I am a perma bear. I hope that counts for something. No. Do not invest in inverse ETFs. They are loosing games. Someone will call it right by pure chance, and it will get very rich off of inverse ETFs. Again, this will be pure luck, not skill. Don't think you can do better.

The issue with the big crash (and the conditions are SUPER ripe for one) is that it CANT be predicted, at least not with any accuracy. The market prices in EVERYTHING, even when it gets so stupid far ahead of itself as it has now. Prices are stupid high, and will come down, but you will still loose money on an inverse ETF, and the reason is you can't predict when they will drop. As long as there is no "trigger" it will limp along or keep going up. A crash doesn't happen because people get progressively more scared over time (which is what is happening right now). A crash happens when scared people are surprised. Take very careful note of that last word. People are scared, and shoot be because the market is in an incredibly precarious spot. It should fall. It needs to fall. It needs to correct with how stupid over valued it is, but everyone already knows that. ALL the bears already know how stupid everything is right now, and expect the crash at any instant, but it still can't happen until there is a surprise. Something has to happen that no one expected, and that something has to cause at least a brief, genuine hysteria in enough traders to cause a panic sell that dips far enough to freak the rest of the market out when they see their portfolio drop. So if the trigger MUST be a surprise, then it must also be unexpected and unpredictable. If it is unexpected and unpredictable, you yourself are not going to be able to predict it and make money.

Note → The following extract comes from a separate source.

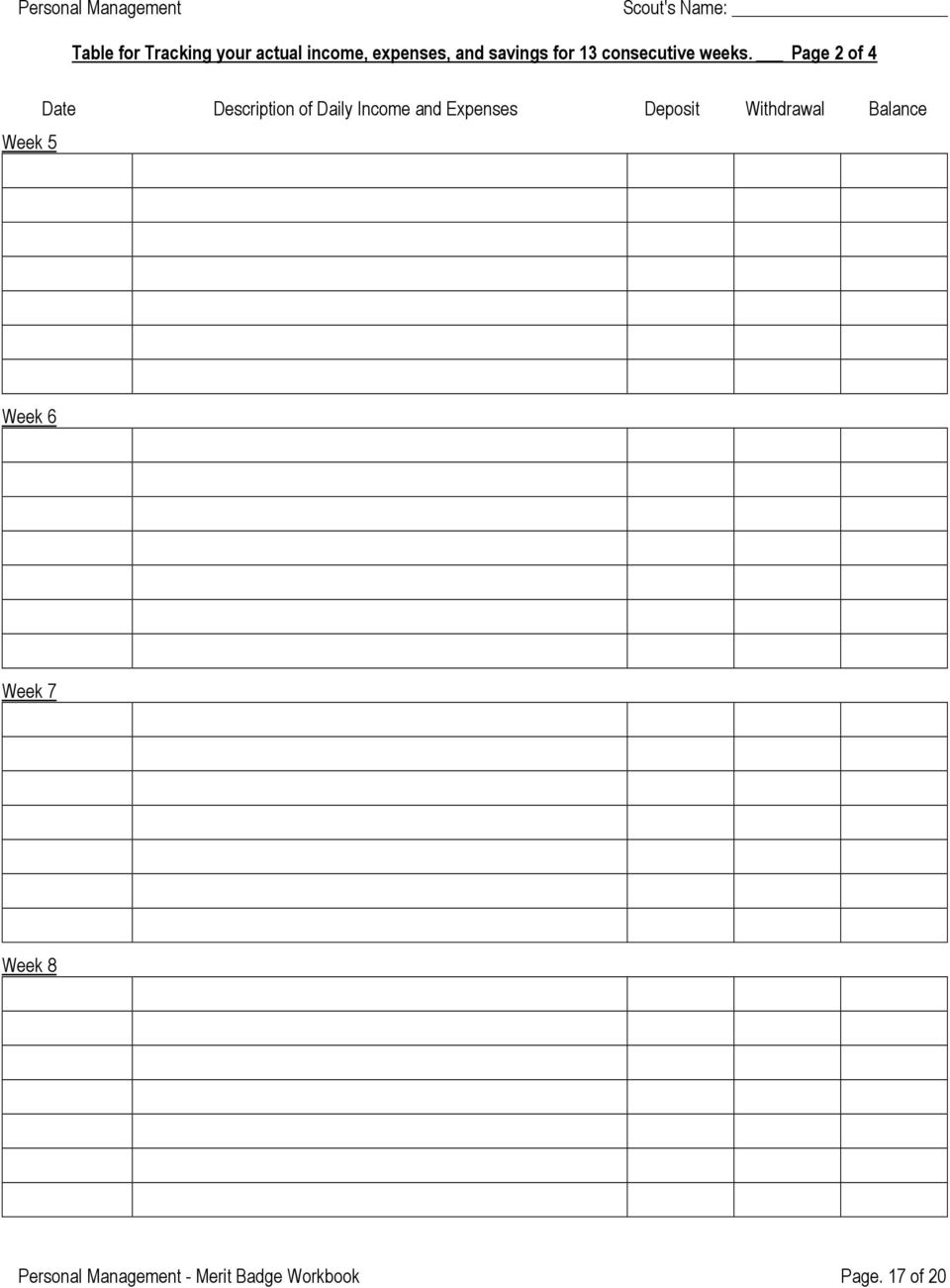 Personal Management Merit Badge Budget Template Fill Out U0026 Sign Worksheets Library

The right thing to do is just hold a bit of capital back so you can over fund when it tanks. That doesn't mean buy the dip, it mean limit your risk on the downside for your positions, make sure you have something there when it tanks that you can leverage for larger positions after the fall. My solution to that is to only deploy 75% of my capital right now, but I'm also just selling premium on monthly options, so holding back a little capital isn't too terribly difficult. I don't have to close anythhing or move any big money. Rather, I just don't open a new position when a couple of my standing ones close/expire.